然而这一捞却捞了个空,琪亚娜对着怀里的空气发呆足足三秒,才抓起床头柜上的终端看了眼时间:凌晨两点半。
“请副官琪亚娜·卡斯兰娜尽快到达医疗翼,重复一遍,请副官……”
琪亚娜皱了皱眉,带着些凌晨被叫醒的烦躁,抓过椅背的衬衫和长裤,快速把自己拾捣整齐——不知为何,她总有种不祥的预感。
休伯利安虽为大型战舰,但因为航行路径的特殊性,平日里只做穿梭航行用,是以从未有过大批的伤亡,偌大的医疗舰区平日里总是空空荡荡,偶尔出现紧急情况,多半是小队外出作业时遇到了强大的敌人。
想到在外任务的符华,琪亚娜心里一紧,还残留的睡意和起床气一瞬间被内心的想法吓得无影无踪,暗暗的祈祷着自家女朋友的平安,行动上也不敢耽搁,几乎是夺门而出的向着医疗翼的方向跑去。

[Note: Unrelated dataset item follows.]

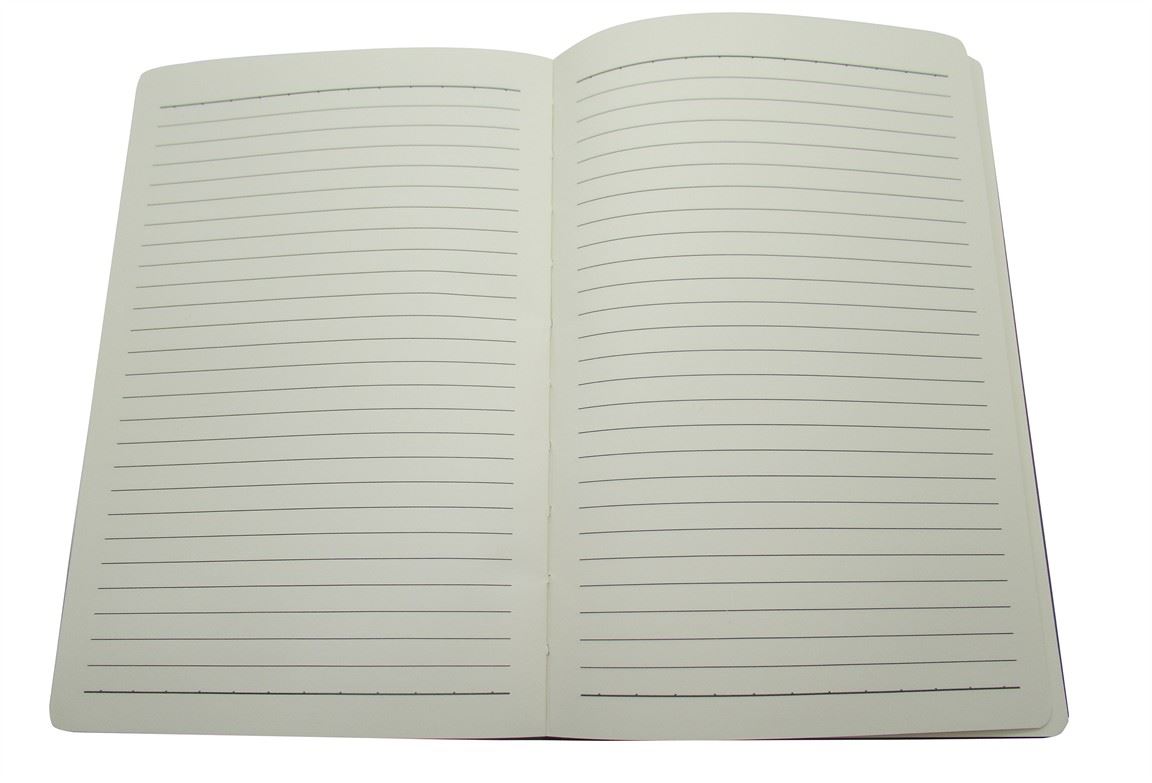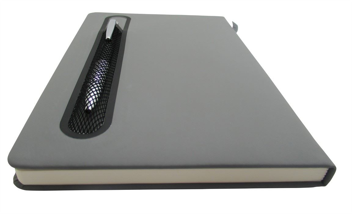 מחברת כריכת PU עם שרוול לעט בחזית, פתיחה עברית, עמודי שורה שני גוונים לבחירה.

在这期间,她抽空看了眼简讯,然后被第一句简单直白的“符华出事了”给吓得腿脚发软,差点径直扑跪在地,大脑在短暂的空白之后,被庞杂的思绪搅得乱七八糟,无数想法在其中盘旋:她伤得重不重?应当是不重的,那个任务那么简单,她那么厉害。可是能让布洛妮娅大咧咧的在第一句摆上这样的描述,她不会是又做了什么傻事了吧?她答应了我的,不会的。她怎么能不好好保护自己呢?明明答应了我的。
不会的,不会的。
到最后,脑子里只剩下茫然,在反应过来之前,琪亚娜就已经动用了空之律者的权能,直接从宿舍的走廊传送到了医疗翼,凭空出现时差点把医护人员吓得个仰倒,但关心则乱的她已经顾不得礼仪,直接抓住医护的胳膊,声音粗粝而低沉,像野兽的低吼:“她在哪?!”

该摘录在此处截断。